Festwiese Ostragehege, Dresden
Sonntag 20.06.2010

Bands: AC/DC, Volbeat, The New Black

Endlich! DIE Hard-Rocker schlechthin geben sich die Ehre und ich kann nach sage und schreibe 14 Jahren endlich wieder die Kultband der letzten fast 40 Jahre live auf der Bühne erleben.

Dresden scheint nicht wirklich auf einen Event dieser Größenordnung vorbereitet zu sein. Hinweise, die zum Gelände führen oder zum Park & Drive sind Mangelware. So schlängelt man sich irgendwo durch die Straßen und nach einiger Zeit und einigem Glück kommen wir doch wirklich an einem Parkplatz mit Straßenbahn-Anschluss an. Toll, nach den unsäglichen Baustellen und Staus auf der Autobahn wird es auch höchste Zeit. Wenigstens Volbeat möchte ich noch live erleben.

Nach 10 Stationen taucht endlich die alte im orientalischen Stil erbaute Tabakfabrik Yenidze auf. Dahinter muss das Gelände sein. Nach einem Fußweg von ca.20 Minuten kommen wir dann auf der Festwiese an. Von Fern hören wir auf dem Weg noch ein paar Takte von Volbeat. Nun wird auch klar, warum wir ohne große Wartezeit durch die Einlasskontrolle gekommen sind. Von den an diesem Abend anwesenden ca. 72.000 Zuschauer verteilen sich bereits zu 95 % auf und vor dem Gelände. Menschen, soweit das Auge reicht. Wow! Die Bühne ist ja noch relativ weit weg und ein Durchkommen scheint fast unmöglich. Allerdings haben wir uns mit Bekannten verabredet und die stehen im vorderen Drittel des Geländes. Also Durchkämpfen ist angesagt, was uns auch relativ problemlos gelang. Überall sah man Accessoires wie Krawatten, T-Shirts, Schals oder Blinkhörnchen. Vielfach wurde im Verlauf des Konzerts die Luftgitarre ausgepackt.

Das Wetter an diesem Sonntag hält sich in Grenzen. Zwar regnet es nicht, aber mit Sommer hat das temperaturtechnisch gesehen auch nichts zu tun. Jedoch entschädigt ein goldener Sonnenuntergang pünktlich zum Beginn des AC/DC Auftritts für alles; das war karibikwürdig.
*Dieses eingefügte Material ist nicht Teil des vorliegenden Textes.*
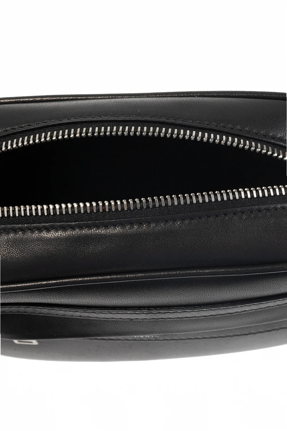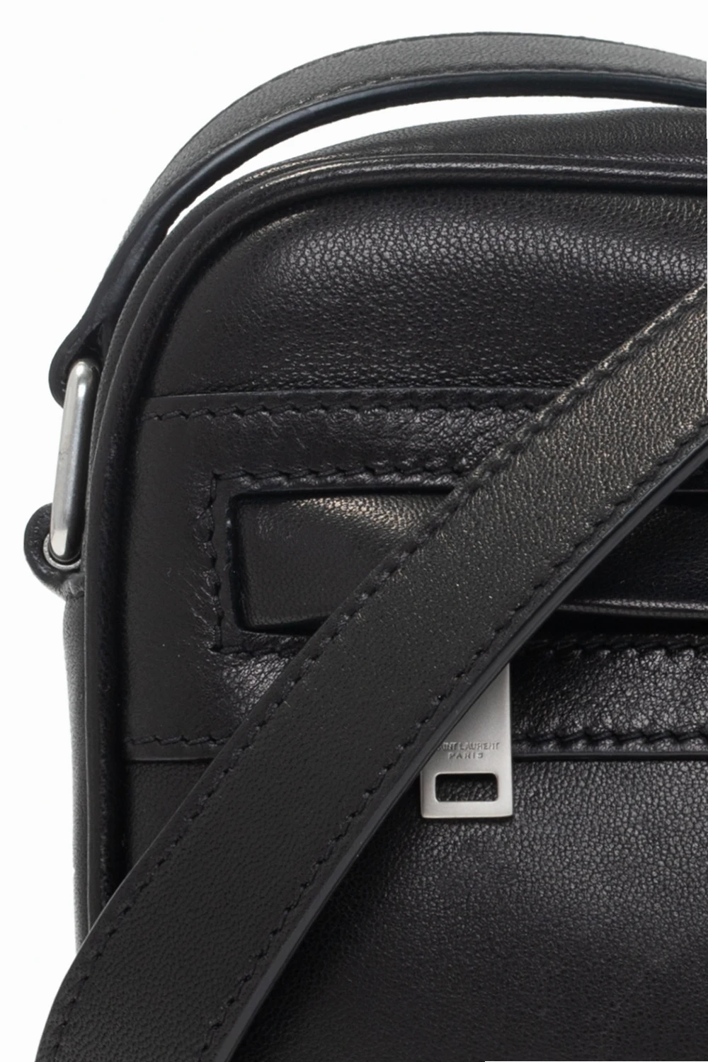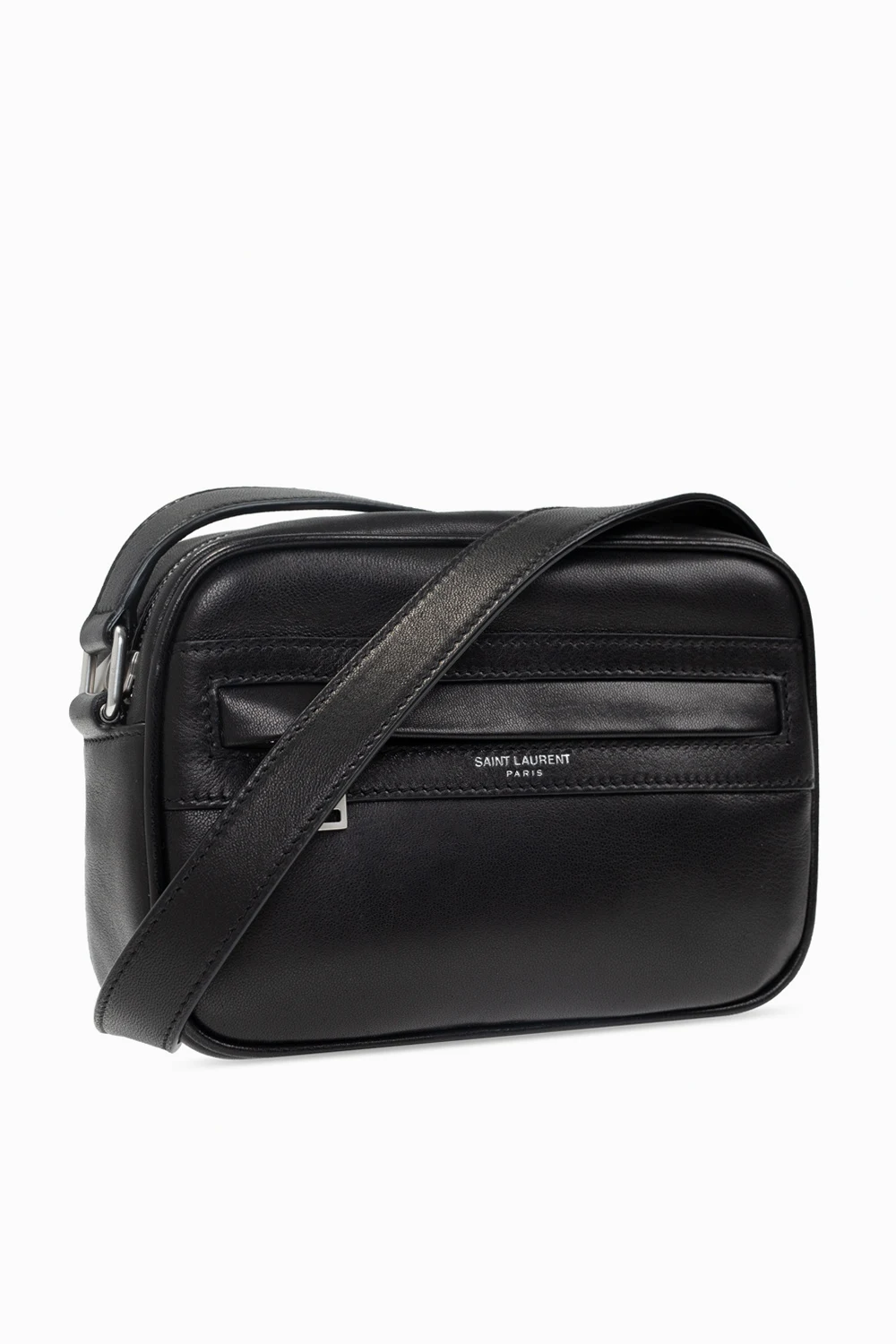 Czarna torba na ramię, model 'Camp Small' Saint Laurent. Wykonana ze skóry. Zamykana na zamek. Z przodu kieszeń zamykana na zamek oraz nadrukowane logo w kolorze srebrnym. Pasek z możliwością regulacji długości. Wewnątrz komora oraz pięć miejsc na kartę. Metalowe wykończenia w kolorze srebrnym.
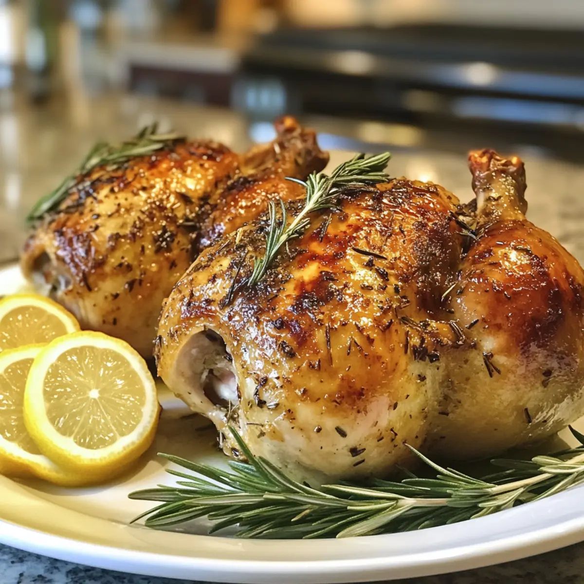- Tuck lemon slices and sprigs of rosemary into each hen's cavity.
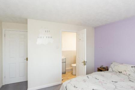 En-Suite - Opaque UPVC double glazed window to side. WC, wash hand basin and shower cubicle. Shaver point. Tiled splash backs.
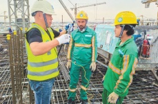 “魯班工匠計畫”是中國建築推出的一項屬地員工培訓計畫。中建中東公司在承接各項工程時,通過師帶徒和現場教學方式,開展技能實操、安全生產、理論知識等各項培訓。圖為中方員工(左一)在施工現場進行教學。
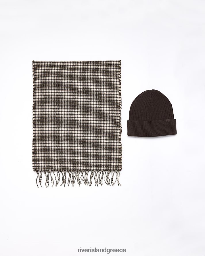 River Island αξεσουάρ καφέ άνδρες Σετ δώρου κασκόλ με κουκούτσι και λαγωνικό B6N8X5559
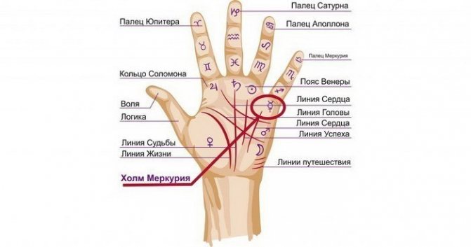 Saturn wird als der Planet des Schicksals bezeichnet, und der Hügel befindet sich direkt unter dem Mittelfinger der Hand. Hier beginnt die Linie, die die Zukunft bestimmt.

Die riesige Bühne ist mit zwei Leinwänden neben und einer Leinwand auf eben jener geziert. Damit auch keiner der Anwesenden einen Ton verpasst, sind mehrere weitere Lautsprecherwände mitten im Gelände aufgebaut.


AC/DC
AC/DC
Pünktlich eröffnet ein Video-Opener den Reigen. Die"Rock'n'Roll Train" bahnt sich ihren Weg durch eine animierte Welt. Nach einem lauten Donner teilt sich die Bühnenleinwand und die Reise des Dampfross endet qualmend hinter dem Schlagzeug. Im selben Moment entern die Australier die Bretter und lassen die ersten Klänge des Songs vom BLACK ICE-Album erklingen. Die Masse johlt und jubelt.

AC/DC
Durch die nun insgesamt vier Leinwände lassen sich während des gesamten Konzerts auch von den hinteren Plätzen jede Bewegung und Grimasse der Band prima einsehen.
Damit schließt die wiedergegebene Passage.